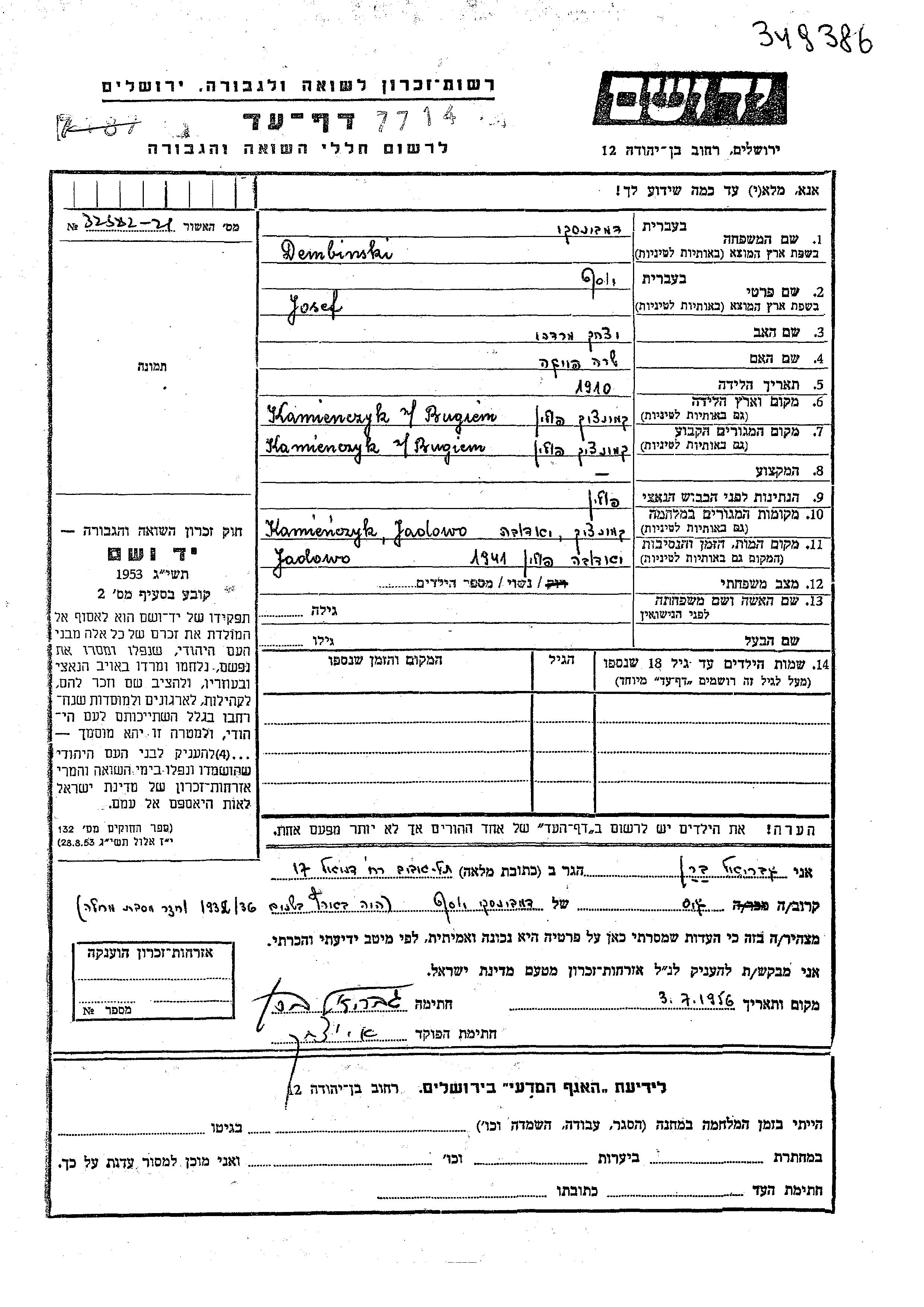 Josef Dembinski was born in KAMIENCZYK NAD BUGIEM, Poland, 1910 to Yitzkhak Mordekhai and Sara Feiga. He was married. Prior to WWII he lived in KAMIENCZYK NAD BUGIEM, Poland. During the war he was in Jadowo, Poland. Josef was murdered in the Shoah. Place of death: Jadowo, Poland, 1941.
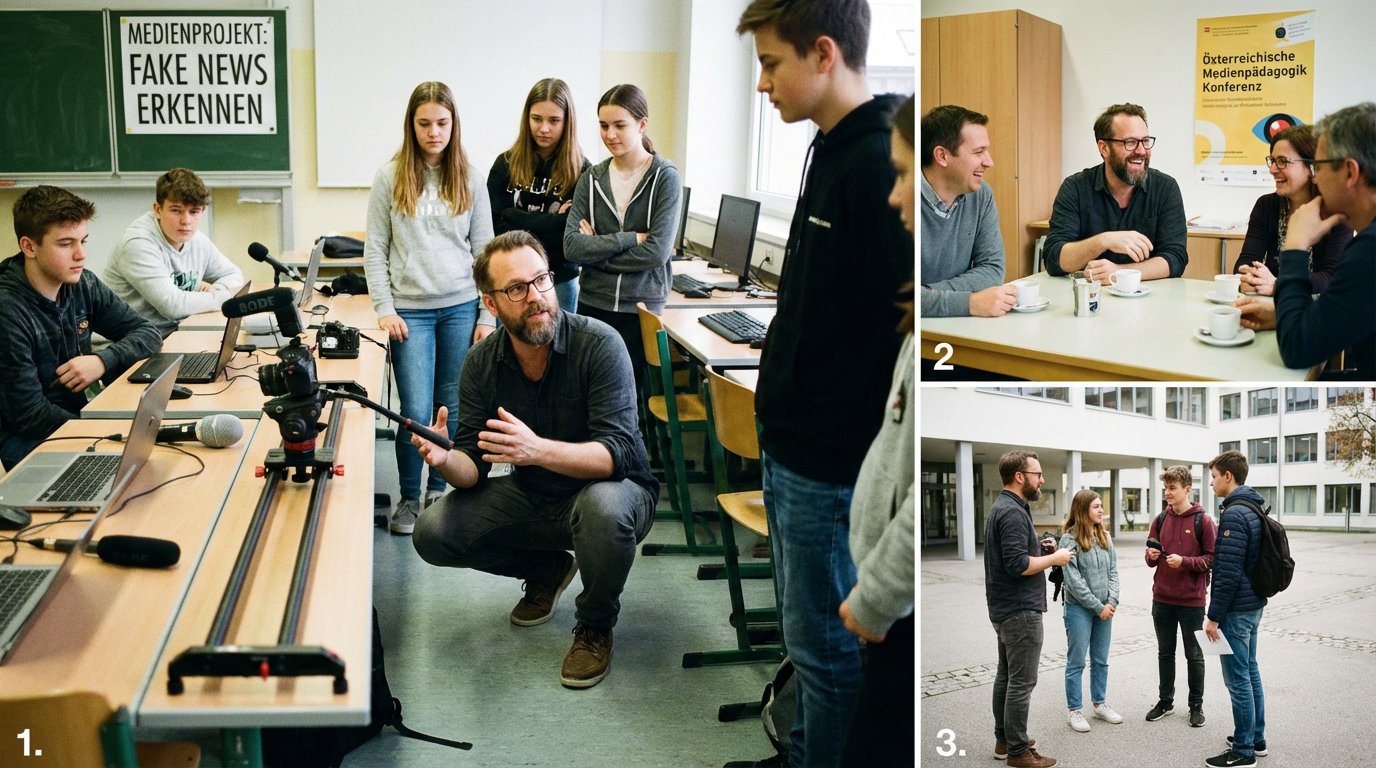 Simon Mörwald: „Ganz allgemein müssen Schülerinnen und Schüler fähig sein, Medien kritisch zu betrachten und zu konsumieren, damit sie weniger anfällig für Manipulationen jeder Art werden. Im Idealfall lernen sie auch, Medien produktiv und kreativ zu nutzen, für sich selbst und zum Wohle anderer.
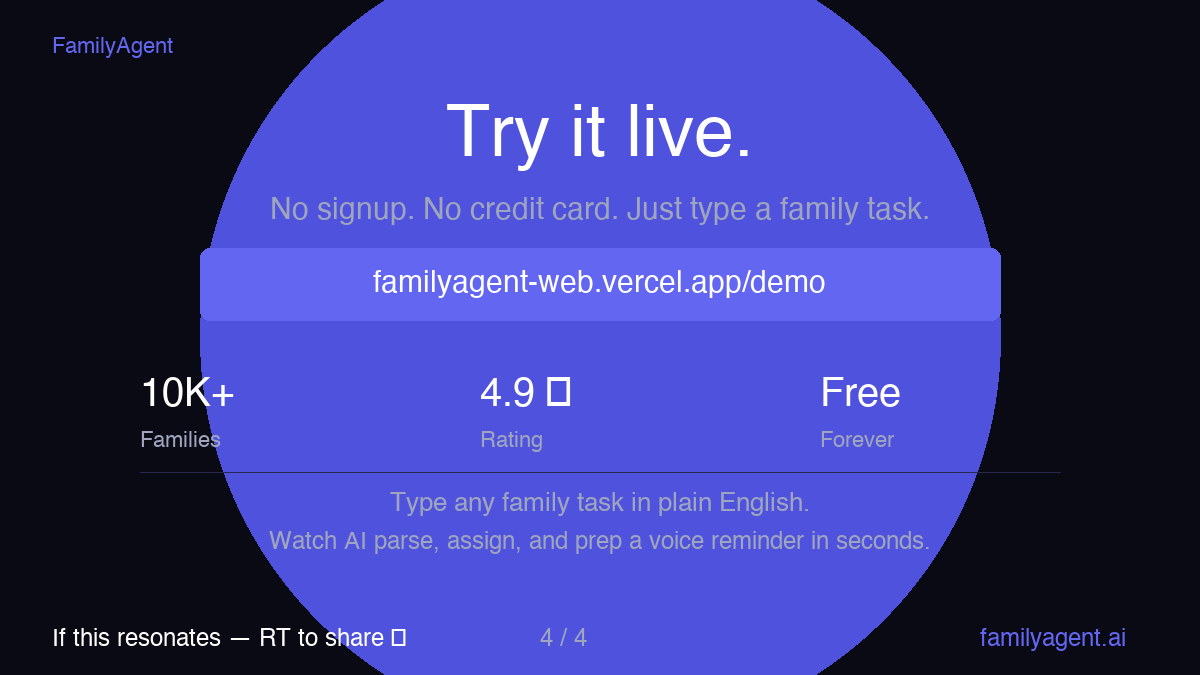 FamilyAgent turns natural language into coordinated family action. Speak or type to delegate task...

Activity. All lines of the listing must be given again exactly, excluding the pictures.

Exercise result.
 Josef Dembinski was born in KAMIENCZYK NAD BUGIEM, Poland, 1910 to Yitzkhak Mordekhai and Sara Feiga. He was married. Prior to WWII he lived in KAMIENCZYK NAD BUGIEM, Poland. During the war he was in Jadowo, Poland. Josef was murdered in the Shoah. Place of death: Jadowo, Poland, 1941.
 Simon Mörwald: „Ganz allgemein müssen Schülerinnen und Schüler fähig sein, Medien kritisch zu betrachten und zu konsumieren, damit sie weniger anfällig für Manipulationen jeder Art werden. Im Idealfall lernen sie auch, Medien produktiv und kreativ zu nutzen, für sich selbst und zum Wohle anderer.
 FamilyAgent turns natural language into coordinated family action. Speak or type to delegate task...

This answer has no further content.